- The Washington Times - Sunday, November 2, 2003

D.C. United’s first playoff appearance in four years was one the club would rather forget.

While United has a strange collection of over-the-hill and hot-headed veterans sprinkled with naive youth, the Chicago Fire showed the class and sophistication that made them Major League Soccer’s best team this season.

Andy Williams scored in the fourth minute, and Ante Razov added a devastating goal in stoppage time as the Fire beat United 2-0 in the first game of the Eastern Conference semifinals last night at RFK Stadium.

Game 2 will be next Sunday at Chicago’s Soldier Field, and United needs to score at least two goals and allow none to send the series into overtime. This was United’s first loss in 13 home playoff games.

“It just really didn’t go our way tonight,” United coach Ray Hudson said. “We’ll attack it differently next week.”

On the second goal, United midfielder Bryan Namoff hesitated on a bouncing ball into the box played to Razov out of the midfield. Namoff lunged with one leg to knock the ball away, but MLS’ second-leading goalscorer this season took two touches and then chipped over United rookie goalkeeper Doug Warren from 12 yards for the final score.

“We’re faced with an enormous mountain now,” Hudson said. “Poor Bryan — the second goal really hurts us now. [It] was an emotional dagger. Bryan got victimized on the goal. He hesitated.”

Hudson wisely started a four-man backline against the second-highest goal scoring team (53 goals) in MLS this season. The coach knew playing three in the back would be suicide against such an explosive club.

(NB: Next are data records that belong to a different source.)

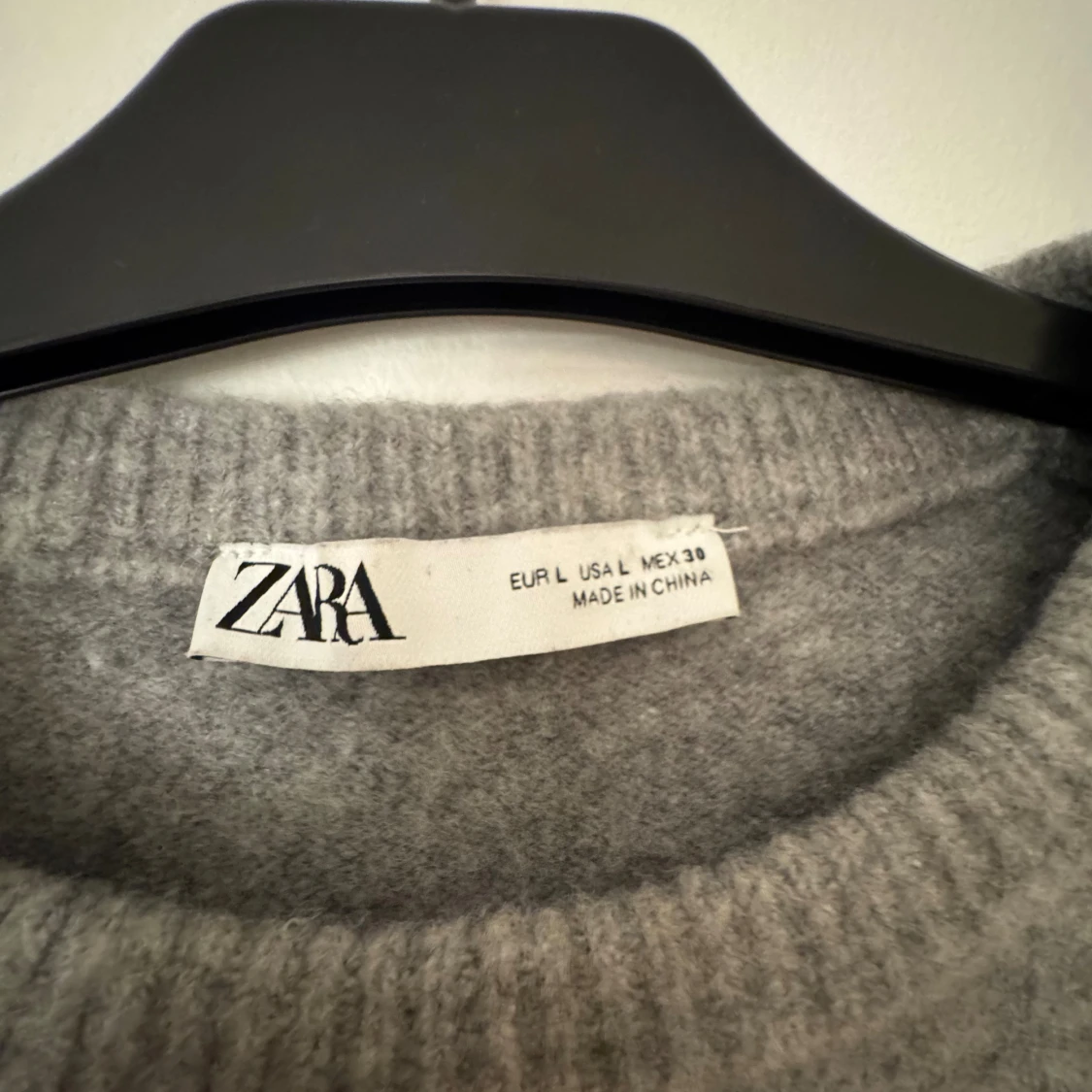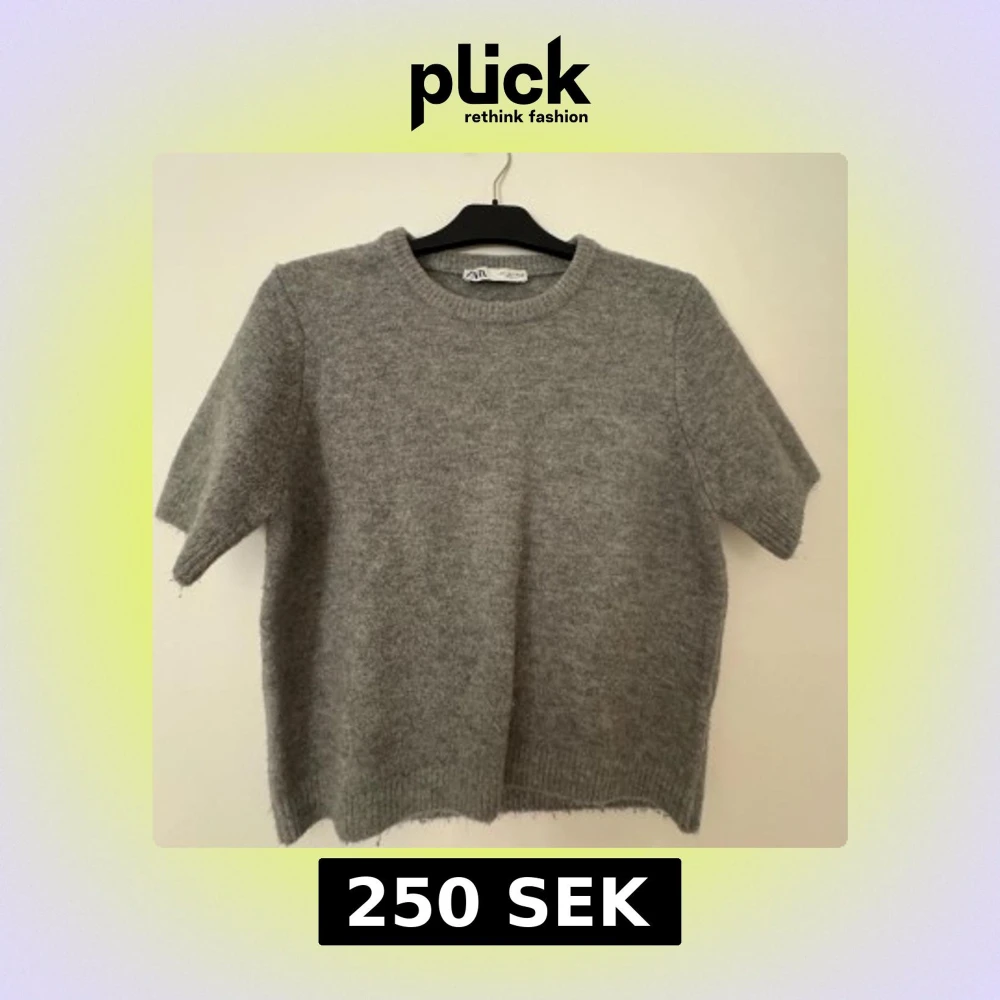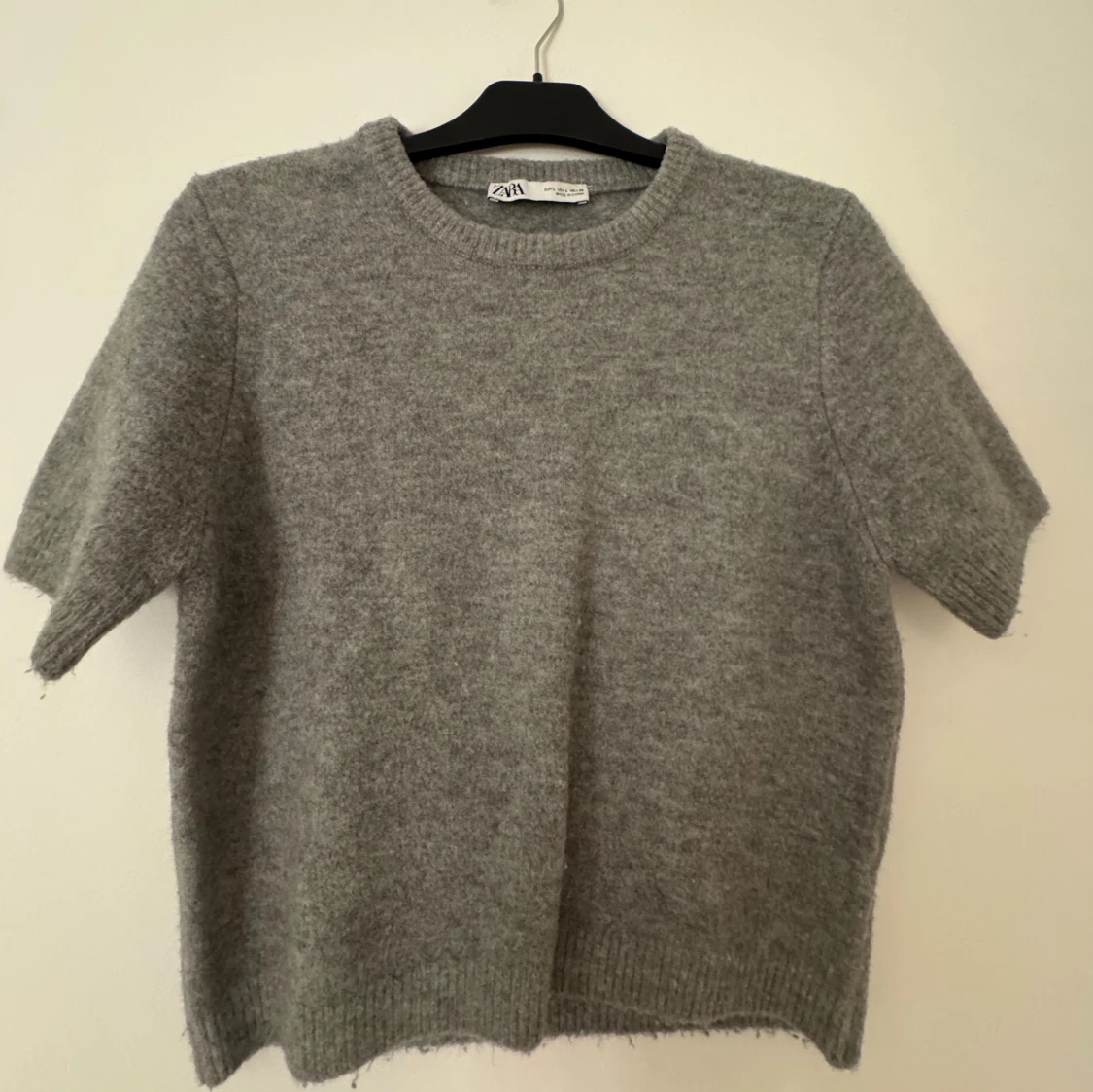 Är storlek L men sitter perfekt på mig som är stolek S-XS. Mysig grå stickad tröja från Zara med korta ärmar och rund hals. Tröjan har en enkel och clean look med ribbade detaljer vid hals och nederkant. Perfekt för dig som gillar basic och vill ha något som funkar till många olika stilar.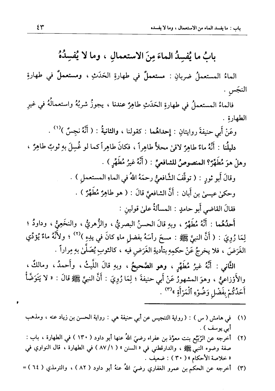 [باب ما يفسد الماء من الاستعمال وما لا يفسده]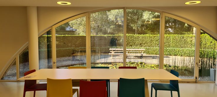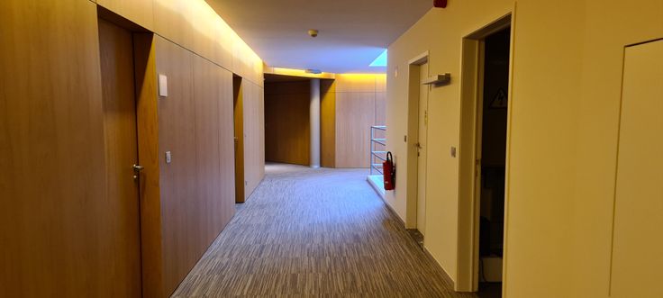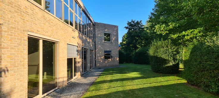 Het gelijkvloers heeft een mooie inkom met een receptie, volledig ingerichte keuken met eetplaats en daarnaast verschillende kantoorruimtes en enkele kleinere vergaderzalen. Op de eerste verdieping zijn er opnieuw een mix van verschillende kantoorruimtes en vergaderzalen, aangevuld met een grote boardroom.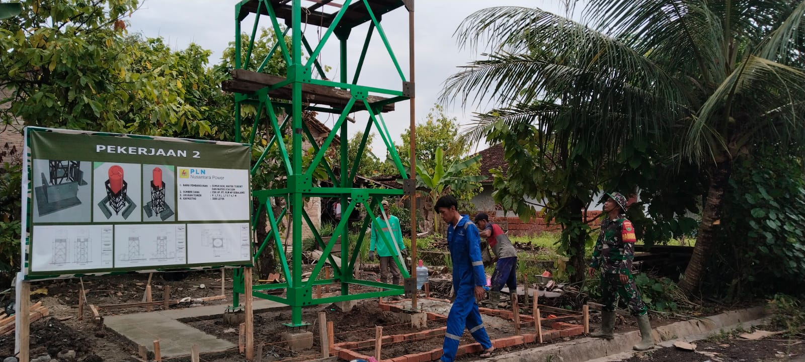 Pemasangan Tiang Tower di Sumur Bor Desa Tanjung Rejo oleh TNI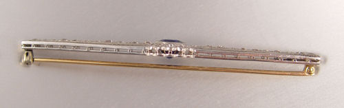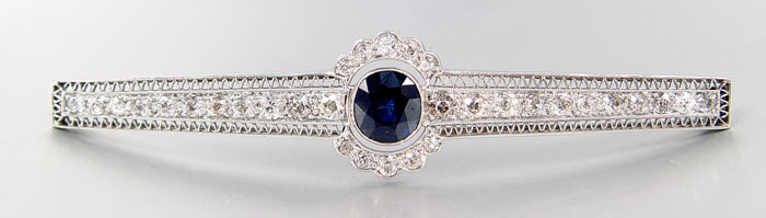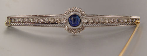 PERIOD BIGELOW KENNARD & CO. PLATINUM 3 CT SAPPHIRE BROOCH: One oval shaped, bezel set, native cut sapphire, approx. 3.00 Ct., Rated SI2 in clarity (Type II), slvB in Hue, 6-7 in Tone and 4 in Saturation. With 32 old European round cut diamonds, approx. total 2.00 Ct., rated SI in clarity, and I-J-K in color. The diamonds are bead set. Filigree and miligrain detail. Approx. 3 1/4'' in length. Signed: Bigelow, Kennard & Co. (Boston). Weight: 12.0 grams. Est. $3500/4000**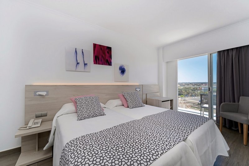 - 16-20 m², chambre double, étage, 5e, du haut, vue sur la mer (latéral), Draps, serviettes et matelas 100% coton bio, bureau, lits jumeaux, 1 salle de bain, douche, sèche-cheveux, climatisation, chauffage, mini réfrigérateur, coffre-fort (payant), 1 TV (TV par satellite, écran plat), Wi-Fi, balcon (meublé)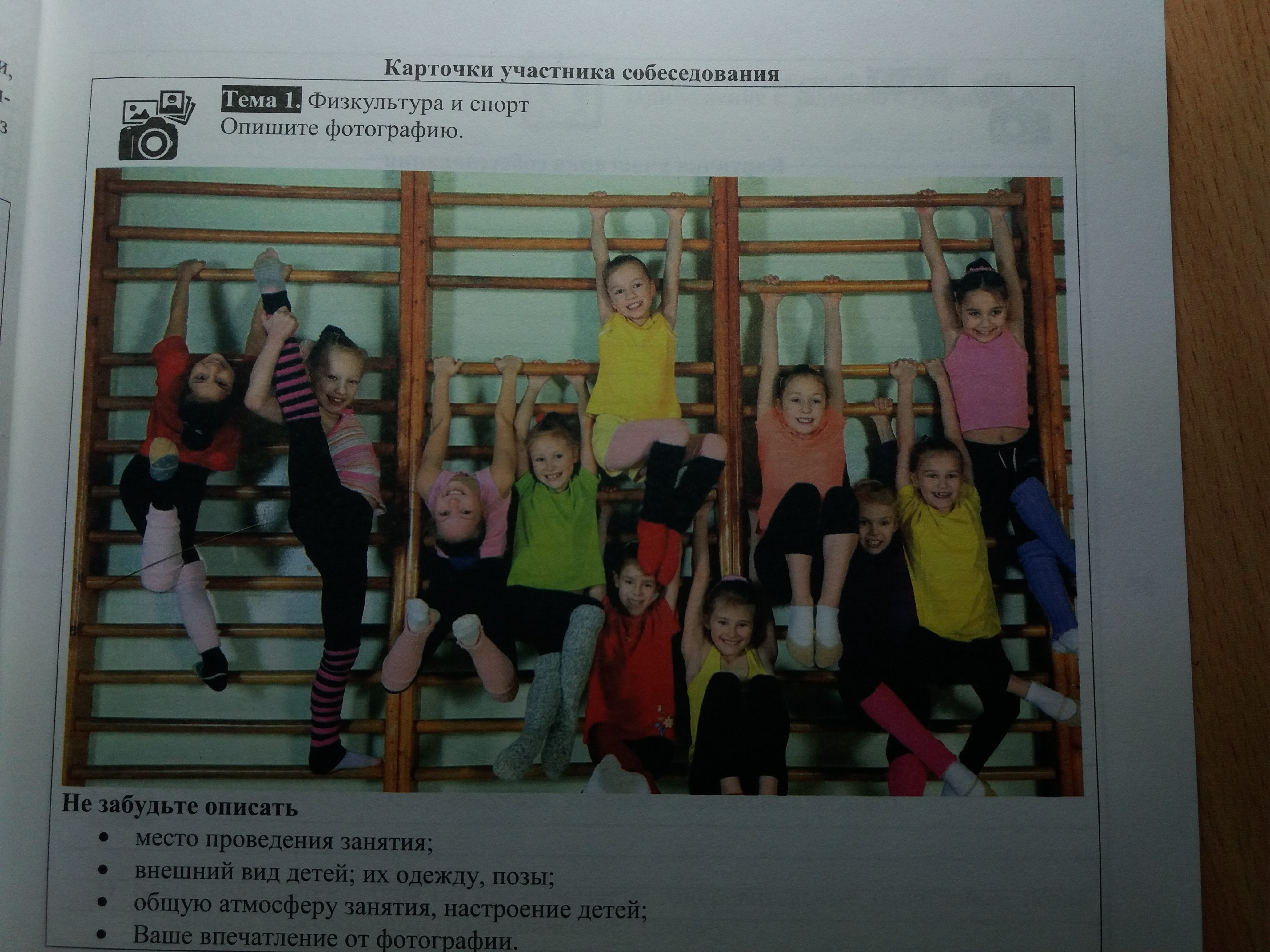 Место проведения занятий, явно находится в спортивном зале. Внешний вид у детей спортивная одежда т.к. находятся, опять повторюсь, в спортивном зале. Видно, что дети занимаются гимнастикой или что-то подобное. Общая атмосфера очень веселая видно, что детишки очень хорошие. Мое впечатление очень положительное т.к. на фото видно что дети развиваются, занимаются физической культурой, а не как в наше время сидят за компьютерами.

But four minutes into the game, Hudson’s greatest fear became reality when his usually reliable backline broke down. A poor clearance by captain Ryan Nelsen enabled the Fire to take a quick 1-0 lead.

Nelsen nonchalantly cleared a cross from the left flank and headed the ball out of the box into the middle, but there were no black shirts in the vicinity. Nelsen’s ball went straight out to the Fire’s Williams. From 28 yards out he struck the ball with the outside of his right foot and sent a rocket inside the left post for the game’s first goal.

“I suppose it wasn’t a very good header by me, Bobby [Convey] slipped, and he [Williams] cracked it through and you got to take your hat off for that, it was a good goal,” Nelsen said.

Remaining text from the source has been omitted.